俺の後方。待機命令を出していた彼女は俺とゴブリンがやりあっている間、ずっと魔力を練っていた。


あの小さな体のどこに隠されていたのかと疑うほどの魔力量。


俺でさえビリビリと背中に圧を感じている。


もうこれ以上準備の時間は必要ないだろう。


「いいぞ! ぶちかましてやれ!」


 俺の声にうなずくと、フィナは幼さ残る声で詠唱を始めた。


「【空にて轟音を奏でる鬼よ】」


 どの魔法を発動させるのか特定させる第一節。


「【我が魔力を贄にして、雷を降らせよ】」


 対価を支払い、願いを要求する第二節。


 応えた魔石は彼女にこの世のものとは思えない力を与える。


広がる黄色の魔法陣。


 幾何学模様は光り輝き、空へと伸びる。


「【堕ち、貫き、命を奪う。
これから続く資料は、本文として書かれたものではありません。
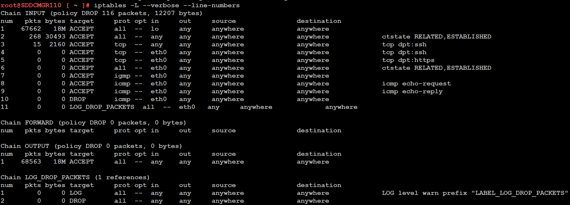 1) From SSH check the firewall rules for the VCF Installer with the following command.
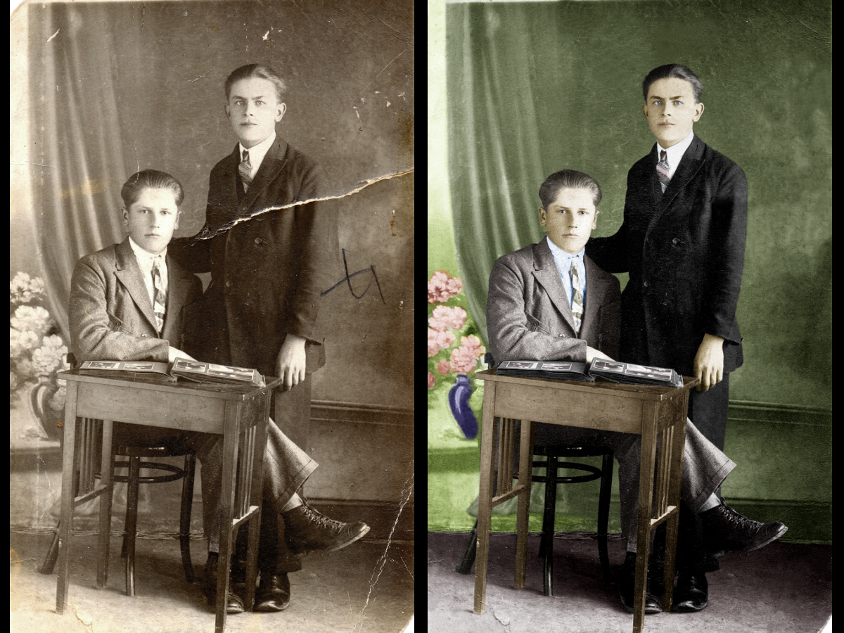 Chciałbym tą skromną pracą, przywitać grzecznie wszystkich użytkowników. Mam na imię Piotr. Stara fotografia, którą pozwoliłem sobie nieco odnowić i pokolorować, pochodzi z 1936 roku.Ten siedzący młodzieniec, to mój dziadek. Dziadek - góral,człowiek prosty,ale z zasadami... | Statystyki obrazu:
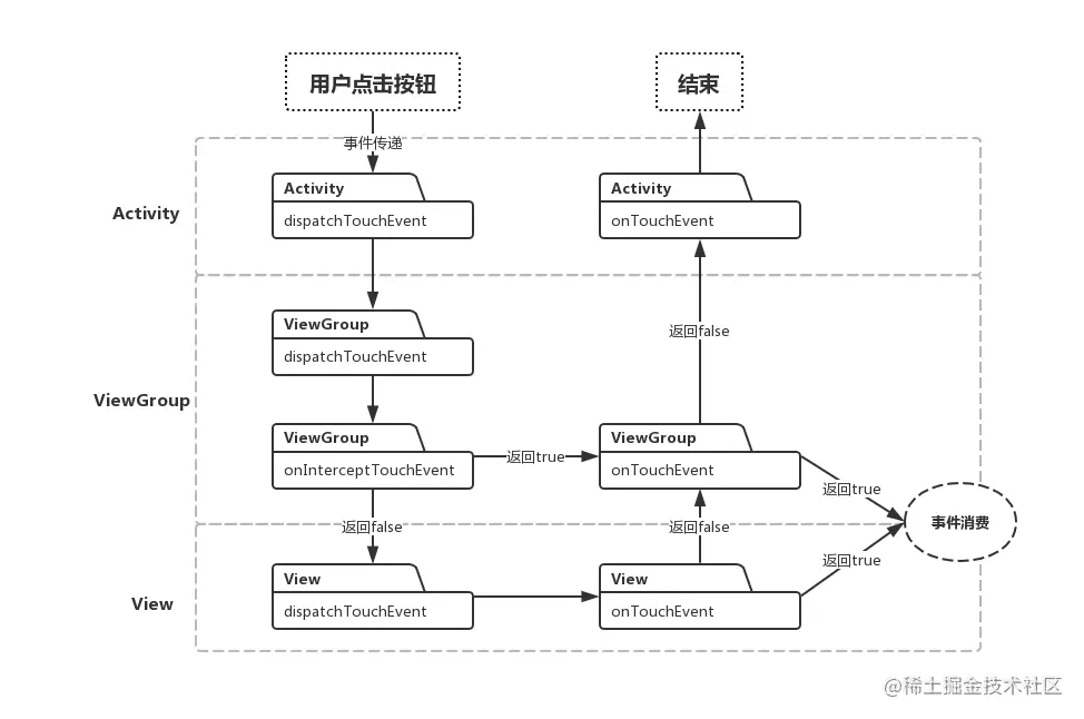 通过上面的伪代码,我们可以大致的了解事件的传递规则:对于一个根 ViewGroup 来说,点击事件产生后,首先会传递给它,这时它的 dispatchTouchEvent 就会被调用,如果它的 onInterceptTouchEvent 方法返回 true,就表示要拦截事件,接着事件就交给这个 ViewGroup 的 onTouchEvent 来处理,如果 onInterceptTouchEvent 返回 false,表示不拦截事件,当前事件就会传递给它的子元素,接着子元素的 dispatchTouchEvent 方法就会被调用,如此反复直到事件被最终处理。
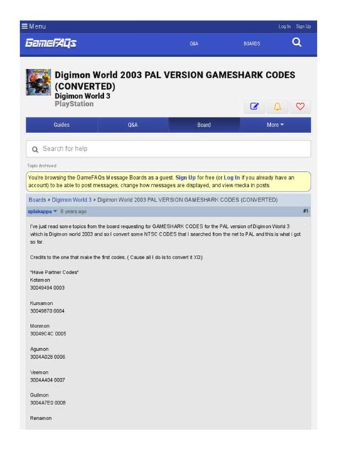 Remember, these are just examples. There are tons of codes out there, and the best way to find them is to search online forums and communities dedicated to Digimon World 2 and GameShark. This is the place where you can find other users who have the same interests.
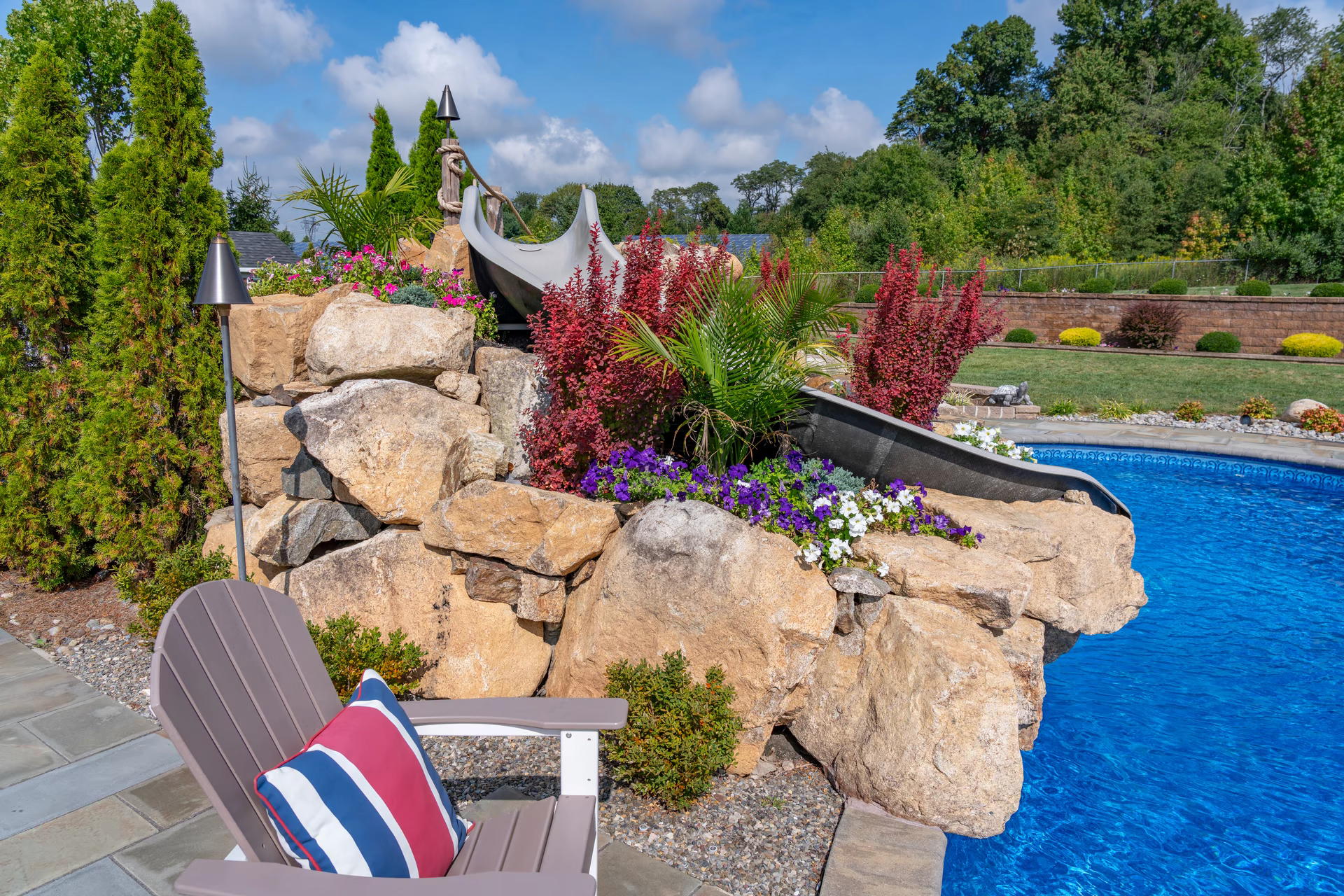 Aquatic Artists was hired to complete a waterfall renovation on this vinyl pool in Hamilton, NJ. We removed an existing water feature with a slide and then designed and crafted this deluxe natural stone waterfall combined with a deluxe pool slide. The waterfall we built is 5 feet high and it is two-tiered and splits into two streams cascading into this pool. Also, we installed a deluxe slide and built natural stone steps with cedar posts and rope railings leading up to the slide. Lastly, we built a retaining wall on the back of the waterfall and placed planting beds throughout this water feature to enhance the natural look.
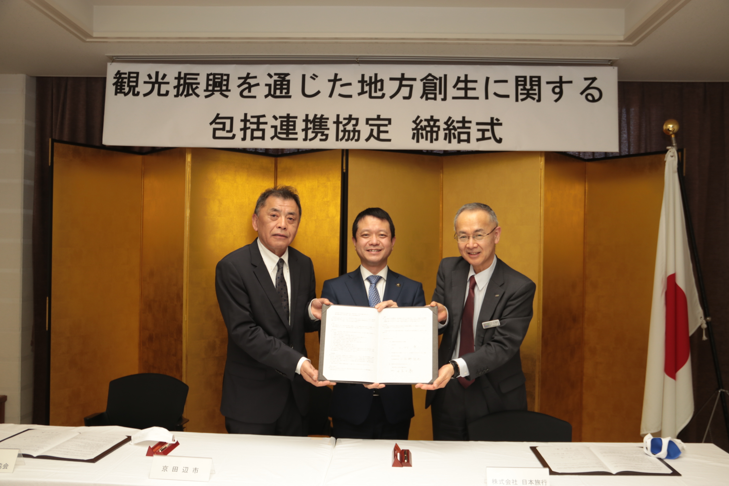 そこで、かねてより観光情報サイト「ココシル京田辺」の運用など、本市観光事業にご協力いただいており、豊富なノウハウを持つ株式会社日本旅行、一般社団法人京田辺市観光協会、そして本市が連携して、観光振興を通じた地方創生、地域活性化を進めるべく、この度の包括連携協定の締結となったものです。
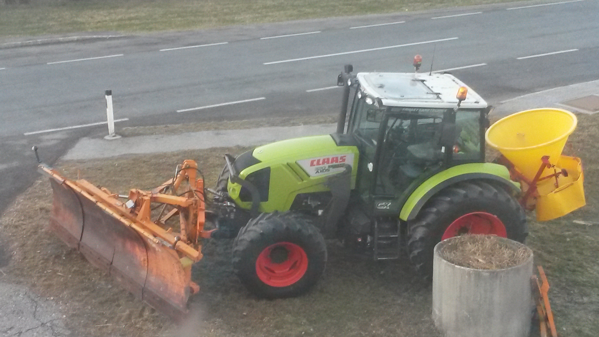 Mehrere Traktoren mit Schneepflug & Salzstreuer sowie Splittstreuer
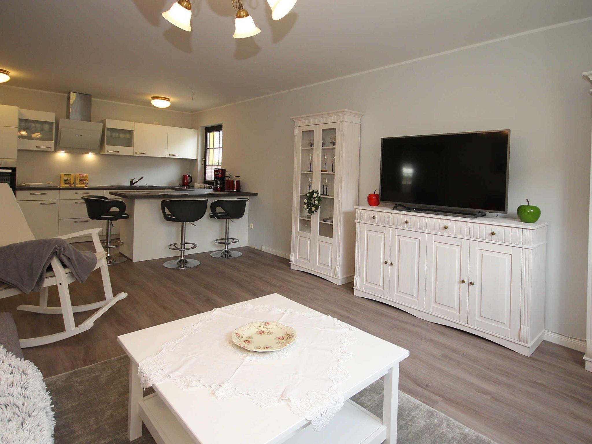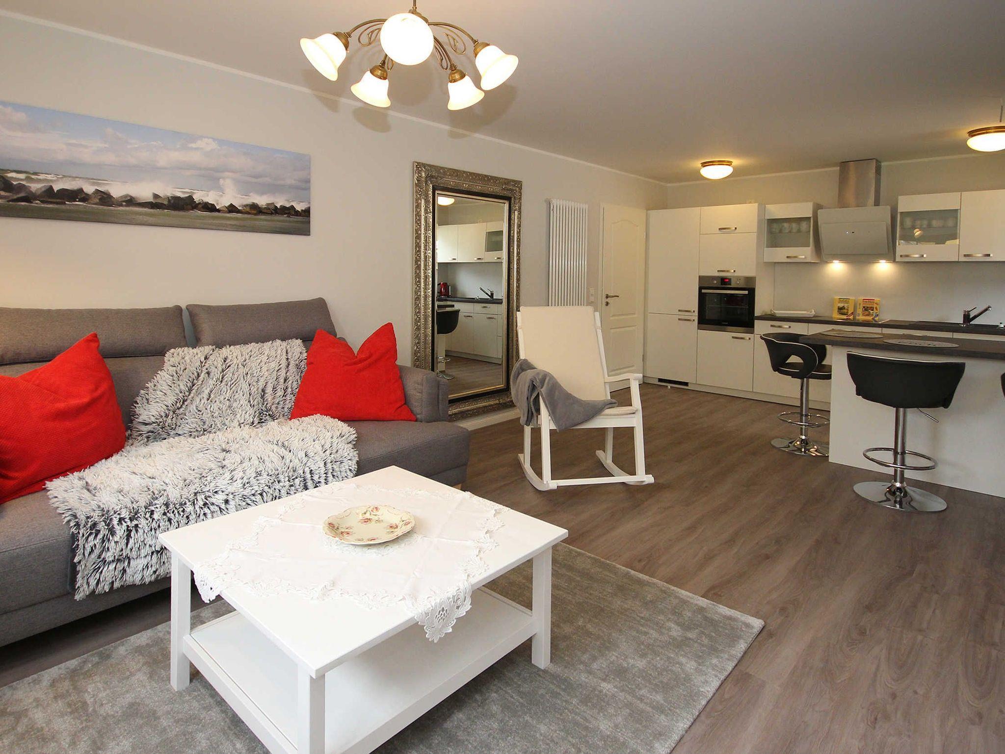 die neue und komfortable Ferienwohnung mit liebevoller Ausstattung zum Detail und separatem Eingang liegt im Erdgeschoss. Genießen Sie die Ostseitige Terrasse mit einer gemütlichen Sitzecke auf der Terrasse, beim Frühstück oder lassen Sie den Abend am Strand in 250 m Entfernung ausklingen.Das Wohnzimmer verfügt über eine gemütliche Couch, kostenlosen WLAN- Gastzugang und SAT-TV. An das Wohnzimmer schließt sich die offene Küchenzeile an und lädt Sie zum Kochen ein und ist ausgestattet mit einer Kühl- Gefrierkombination, Cerankochfeld und Backofen in Augenhöhe. Das separate Schlafzimmer verfügt über ein Doppelbett 1,80 x 2,00 m (durchgehende Matratzen) und einem Kleiderschrank mit viel Stauraum.In der Ferienwohnung ist die Bettwäsche nicht vorhanden, die Handtücher können in der Zimmervermittlung für 7,00 € pro Person (1 Badetuch, 1 Handtuch) dazugebucht werden. Eine Fußbodenheizung im Bad und einer ebenerdigen Dusche runden das Bild ab. Für unsere Gäste sind die Fahrräder inclusive . Unsere Wohnungen sind Nichtraucherwohnungen. Die Kaution beträgt 100,- € und wird nach Abreise zurücküberwiesen.
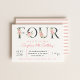 Bonito flores cor-de-água cor-de-rosa e cor-de-água cor-de-rosa, e delicadas letras verdes de cor-de-rosa, adornadas em negrito, convite de festas do 4º aniversário. "Quatro" florais bonitos e femininos com design de tipografia de tendência. A parte traseira da placa coordena o padrão de faixa de cor d'água rosa.
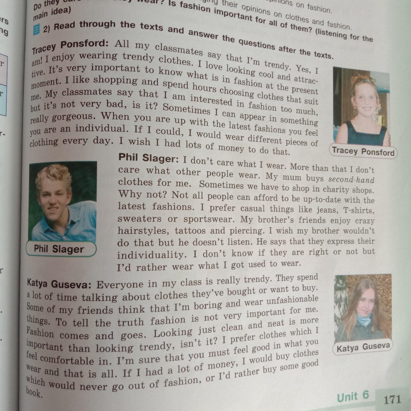 1) What do Tracey's classmates think about her attitude to clothes? 2) Why does Tracey think it's necessary to wear trendy clothes? 3) What is Phil's favourite type of clothes? 4) What do Katya's friends think about clothes she wears? 5) What is Katya's opinion about clothes?
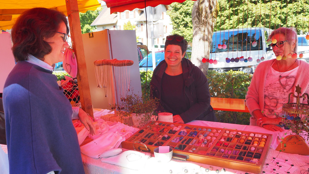 Gudrun Gruber erkundigt sich bei Nicole und Eugenia Beck nach ihren kleinen Kunstwerken
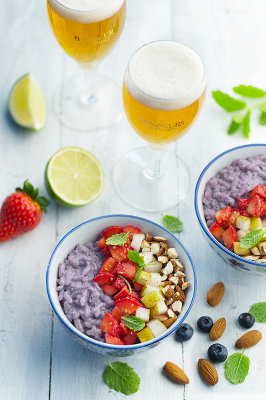 ⑤• Dresser les bols en répartissant le riz au lait aux myrtilles. Disposer joliment les cubes de fraises et poires, puis les amandes grillées.
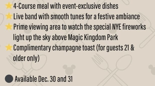 - Fireworks: From a prime viewing area, watch the special New Year’s Eve fireworks light up the sky above Magic Kingdom park. Fireworks viewing will take place at the end of each seating. Fireworks may be cancelled due to inclement weather and are subject to change.
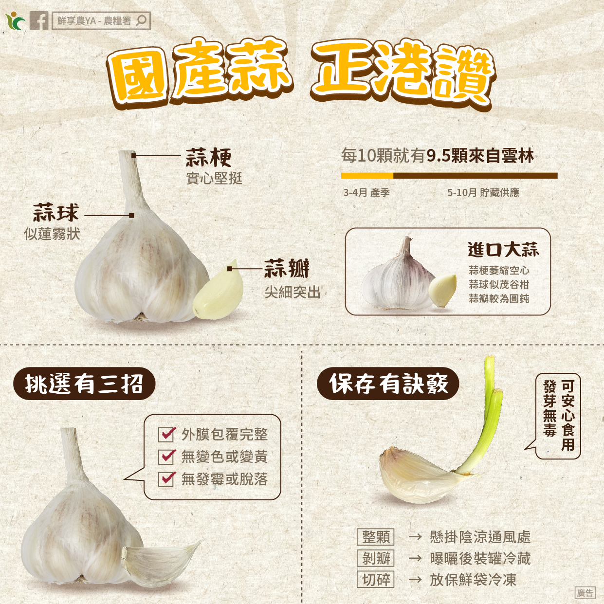 農糧署強調,國產新蒜現正上市,品質優良、風味濃郁,且耐貯性佳。消費者可依蒜球外型辨識來源差異:國產大蒜外型下寬上窄,呈吊鐘狀,外觀近似蓮霧;進口大蒜則多為扁圓形,外觀類似茂谷柑。為便利家庭採購與嚐鮮,該署將輔導產地農民團體推出1至2台斤小包裝產品,供應各大賣場及連鎖超市加強促銷。目前採收之濕蒜含水率較高,消費者買回家後,只需置於陰涼通風處自然風乾,待外皮乾燥後即可長期保存,隨時取用,歡迎消費者把握當季時鮮,多加支持國產優質大蒜。
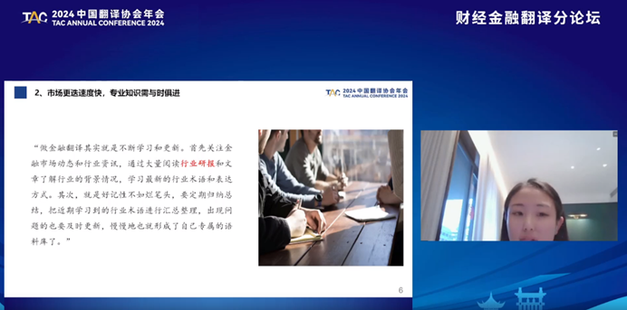 来自粤港澳大湾区某金融机构的许经理、某涉外金融公司经理马女士、某国企银行金女士、某国企投资集团数据分析师兼外事副主管胡女士、某国企马经理等则不仅以丰富的案例向与会代表分享了他们在各自领域中遇到的财经金融翻译问题与对策,还分享了大量的学习资源,让参会人员在见证财经金融翻译的专业性与特殊性的同时,也学习到了很多不一样的知识,收获满满。
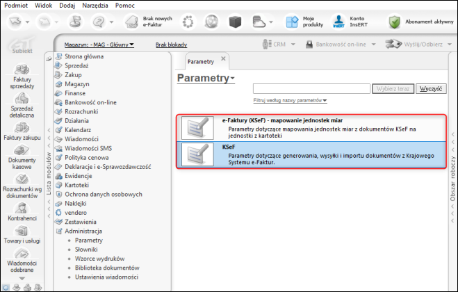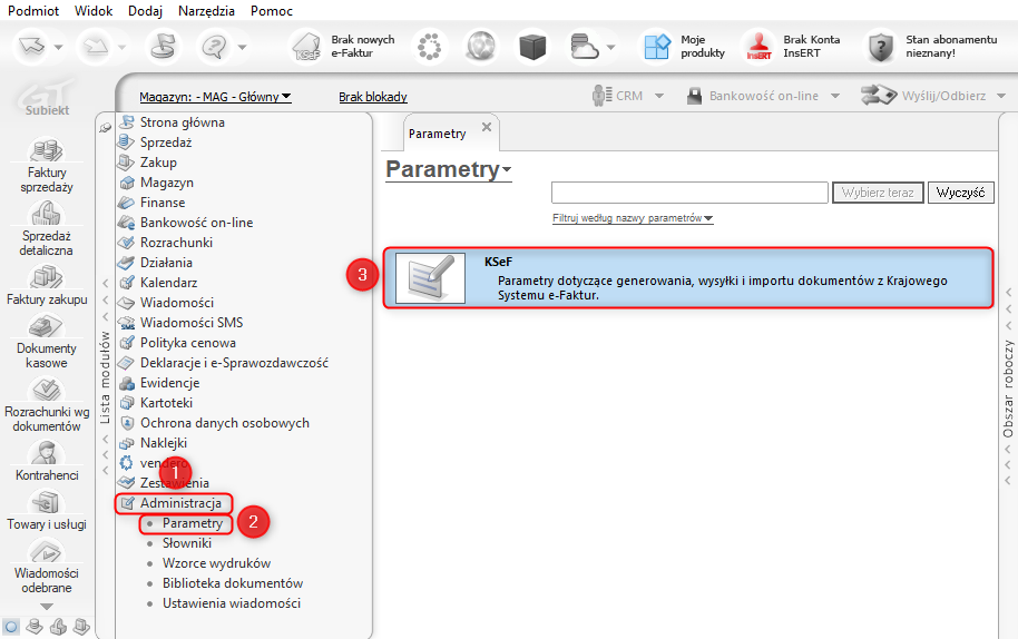 1. Przejść do modułu AdministracjaParametry, a następnie odnaleźć i uruchomić KSeF.
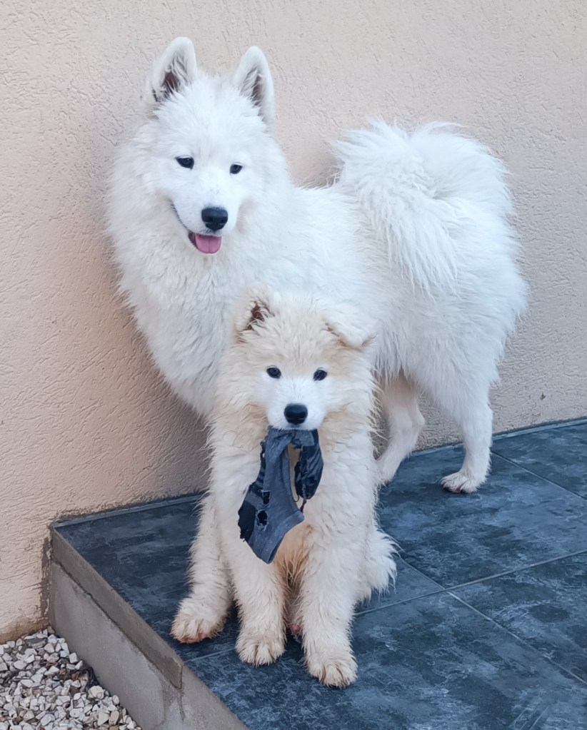 Le Samoyède est un chien fidèle et aimant aussi bien avec ses humains qu’avec ses congénères. Extrêmement proche de sa famille il ne refusera jamais un câlin ou une sieste auprès des siens.

自然の脅威を解き放ちたまえ!】」


 そして引き起こす超常現象の威力を定める第三節。


 すべての詠唱を終えたフィナは掲げた杖でトンと魔法陣の中央を叩いた。


「――【空鬼の遊雷(サンダーボルト)】」


 刹那、視界が雷光に照らされる。


耳を劈くような爆音を鳴らして、紫電がゴブリンへと降り注ぐ。


 ちっぽけな命は大いなる力の前では無力にすぎない。


抵抗すら叶わず、奴らは醜い顔が視認できなくなるほどに黒焦げていた。


「どうですか、師匠! 私が使える最高階級の魔法の威力は!」


 ドヤ顔で、俺の反応をうかがうフィナ。


 確かに威力はとてつもないものだ。


 雄大な大地がえぐれてしまうほどには。


 魔法が落ちた周囲は緑が黒く焦げ、茶色がむき出しになっている。


 間違いなくやりすぎだった。


「どうですか? どうですか?」


 嬉々として、近寄ってくるフィナ。


 褒められたくて仕方がない様子で、左右に揺れる尻尾を錯覚した。


 俺が好きな魔法を使えと言ったので何も苦言は呈せない。


 乾いた笑いを絞り出し、常識はずれの弟子の頭を撫でた。


「えへへ……」


 その笑顔はずるい。


 何でも許してしまう。どうやら俺にも父性が眠っていたようだ。


 現実逃避気味にそんなことを考えるのであった。